#### [ASSIGNMENT]
With pictures excluded, retype exactly every line from the one containing "15 таких машин." to the end of the records below.

#### [RECORD EXTRACTS]
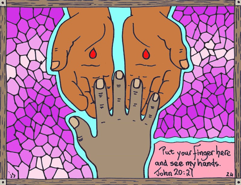 How do they recognize him? He is known by his scars, scars that could have been fully healed by God the Father in his raising but were left so that his followers could identify him. He still bears the marks on his hands from the nails and a wound in his side where a spear pierced him. They rejoice when they see him.
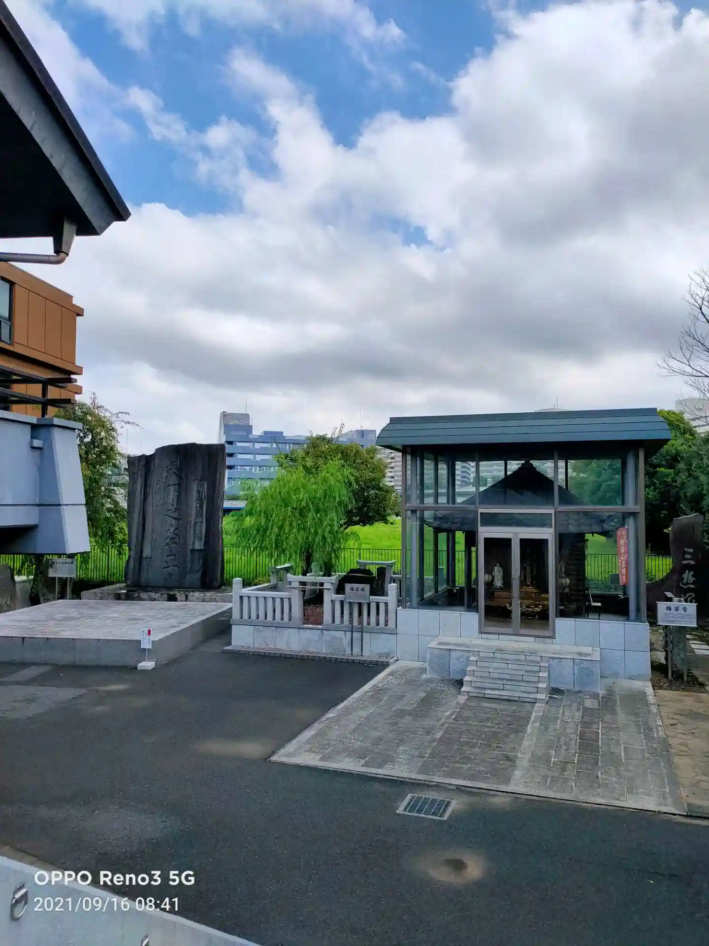 梅若塚はガラス張り。
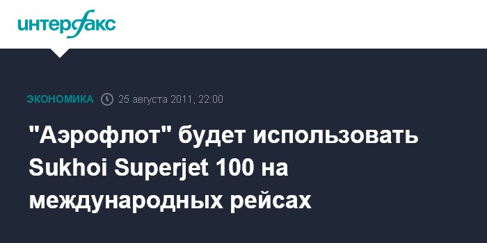 "Аэрофлот" является одним из крупнейших заказчиков ближнемагистрального самолета, созданного компанией "Гражданские самолеты Сухого" совместно с зарубежными партнерами. Первый коммерческий рейс на новом самолете авиаперевозчик выполнил 16 июня этого года. В ближайшие годы главная российская авиакомпания должна получить 30 самолетов этого типа. "Аэрофлот" также владеет опционом на приобретение еще 15 таких машин.
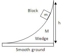A block of mass m slides down a wedge of mass M as shown. The whole system is at rest, when the height of the block is h above the ground. The wedge surface is smooth and gradually flattens. There is no friction between wedge and ground.
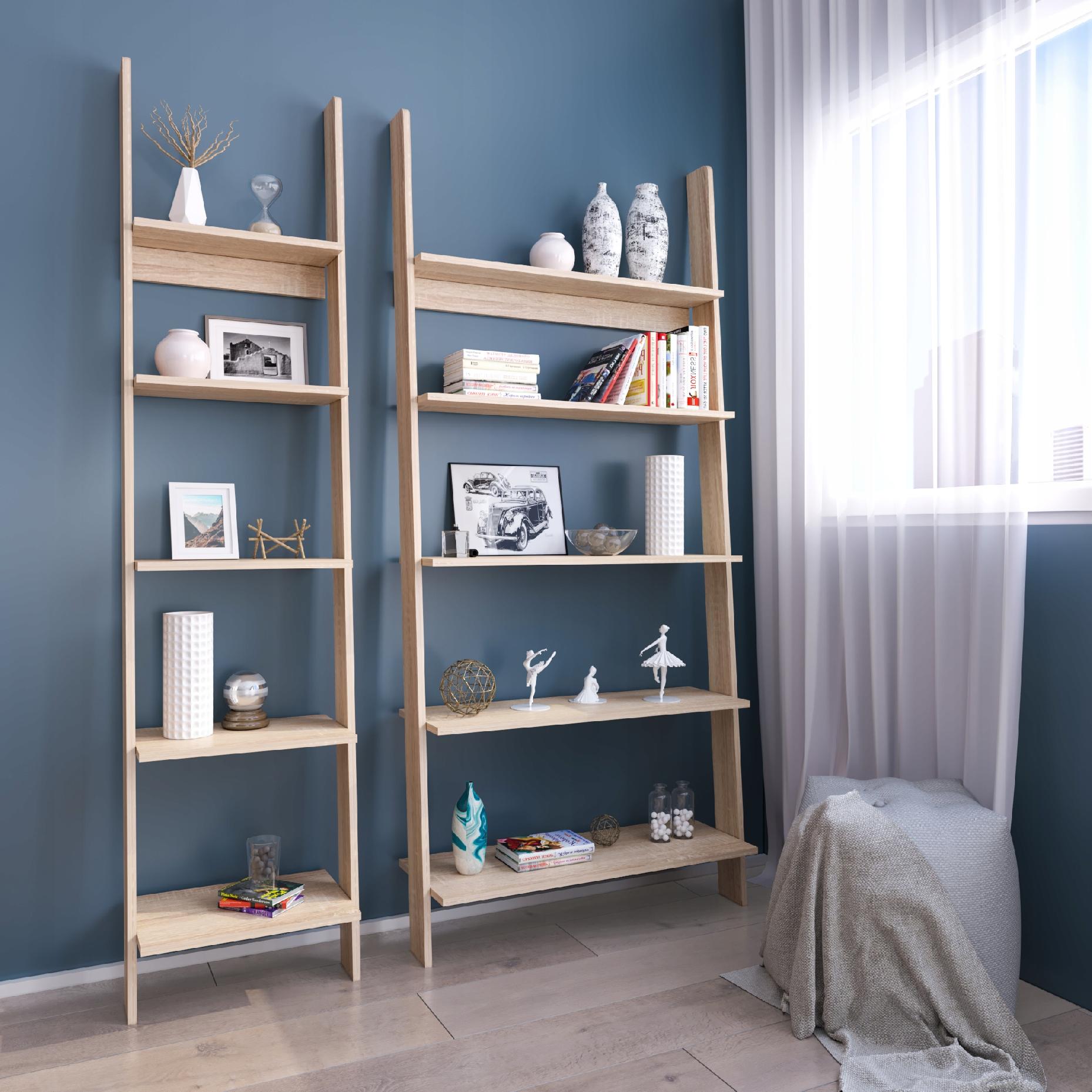 Lestvena polica – praktičen kos pohištva za vse priložnosti. Police so nameščene na okvirju, ki spominja na lestev. Pet prostornih polic olajša shranjevanje skoraj vsega, od velikih knjig do majhnih figuric. Z uporabo ivernih plošč namesto masivnega lesa ta izdelek za proizvodnjo porabi manj lesa. To nam pomaga biti okolju prijaznejši.

#### [EXERCISE RESULT]
 "Аэрофлот" является одним из крупнейших заказчиков ближнемагистрального самолета, созданного компанией "Гражданские самолеты Сухого" совместно с зарубежными партнерами. Первый коммерческий рейс на новом самолете авиаперевозчик выполнил 16 июня этого года. В ближайшие годы главная российская авиакомпания должна получить 30 самолетов этого типа. "Аэрофлот" также владеет опционом на приобретение еще 15 таких машин.
A block of mass m slides down a wedge of mass M as shown. The whole system is at rest, when the height of the block is h above the ground. The wedge surface is smooth and gradually flattens. There is no friction between wedge and ground.
 Lestvena polica – praktičen kos pohištva za vse priložnosti. Police so nameščene na okvirju, ki spominja na lestev. Pet prostornih polic olajša shranjevanje skoraj vsega, od velikih knjig do majhnih figuric. Z uporabo ivernih plošč namesto masivnega lesa ta izdelek za proizvodnjo porabi manj lesa. To nam pomaga biti okolju prijaznejši.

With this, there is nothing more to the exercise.